Summer signals warmer temperatures, more sunshine and time spent at the beach or pool. For many children, it also means summer vacation and a welcome break from school. However, a break from school should not signify a subsequent break from reading. Reading is a crucial skill that can be further honed during the summer months, when children may have some extra “free” time.


Studies repeatedly demonstrate that poor reading skills lead to poor outcomes:

  • Students who are not proficient readers by third grade are four times more likely to leave school without a diploma (The Annie E. Casey Foundation).
  • Students reading below their grade level are twice as likely to drop out of school as those who can read at or above grade level (Adolescent Literacy: A National Reading Crisis).
  • Among adults at the lowest level of literacy proficiency, 43 percent live in poverty. Among adults with strong literacy skills, only 4 percent live in poverty (First Book).
  • More than one third of all juvenile offenders read below a fourth-grade reading level (Adolescent Literacy: A National Reading Crisis).
  • 82 percent of prison inmates are high school dropouts (The Coalition for Juvenile Justice), and a very high proportion of them cannot read (Adolescent Literacy: A National Reading Crisis).

There are several populations who are at greater risk to struggle with literacy skills. Specifically, studies indicate that economic circumstances play a role in reading proficiency. In fact, only 16 percent of students eligible for free or reduced lunch programs (based on household income) are proficient in reading.
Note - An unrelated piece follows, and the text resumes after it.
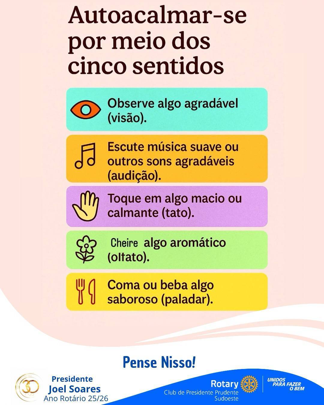 Em um mundo cada vez mais acelerado e exigente, aprender a lidar com o estresse e as emoções intensas tornou-se uma habilidade essencial para o bem-estar. Pensando nisso, o Rotary Club de Presidente Prudente Sudoeste compartilha uma prática acessível e poderosa: o autoacolhimento por meio dos cinco sentidos.
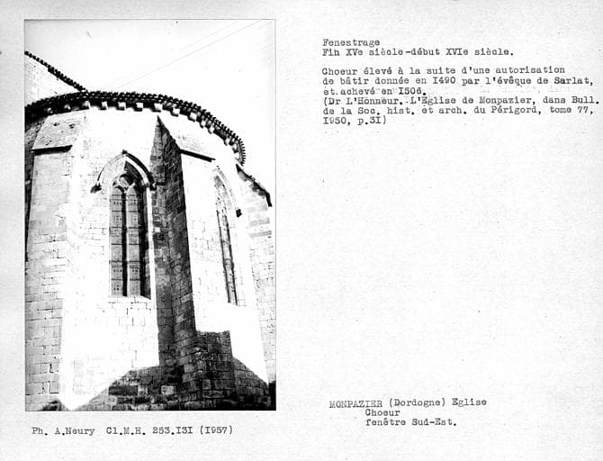 © Monuments historiques, 1992. Cette notice reprend intégralement les termes de l’arrêté de protection au titre des Monuments historiques. Elle répond à l’obligation réglementaire du ministère de la Culture d’établir la liste générale des immeubles protégés (art. R. 621-80 du Code du patrimoine). Elle est donc opposable et fait foi juridiquement. Aucune copie numérique ou papier ne sera fournie par courrier ni courriel. Le dossier de protection complet et l’arrêté sont consultables uniquement sur place, dans la salle de lecture de la Médiathèque du patrimoine et de la photographie (MPP), à Charenton-le-Pont (Val-de-Marne).

In comparison, 42 percent of students who are not eligible for a free or reduced lunch read at proficient levels (NAEP Reading 2009).  In addition, reports from all 50 states indicate that boys are less proficient readers than girls. In some states, the gap is as large as 10 percentage points (Center for Education Policy).


There are many ways to help youth become more skilled readers.  The key is increasing their exposure to reading materials and opportunities to read:

  • Libraries are a primary source of reading materials, which can be borrowed free of charge.
  • It is important for youth to witness adults reading. High-frequency reading parents are six times more likely to have high- frequency reading children (2008 Kids & Family Reading Report). 
  • Bookstores often hold age-appropriate reading programs or book club meetings.
  • Many restaurants and bookstores offer summertime incentive programs for youth and reward their reading activities with free books or meals.
  • A weekly “theme” can act as a springboard for new reading materials and topics. Not only can meals and activities be based on the selected theme, but youth can be encouraged to read books related to the theme.
  • Fun everyday activities can quickly and easily be turned into opportunities to read:
    • Museums, zoos and local parks often have signage that youth can read aloud.
    • News stories on the internet provide daily opportunities for youth to learn about current events that are of interest to them.
    • Shopping with children gives them the opportunity to read a shopping list and find the corresponding items on the shelves.
    • Cooking or baking is not only a good chance for children and caregivers to spend time together, but it provides the added benefit of reading a recipe.
    • Road trips give youth exposure to different billboards, which they can read aloud.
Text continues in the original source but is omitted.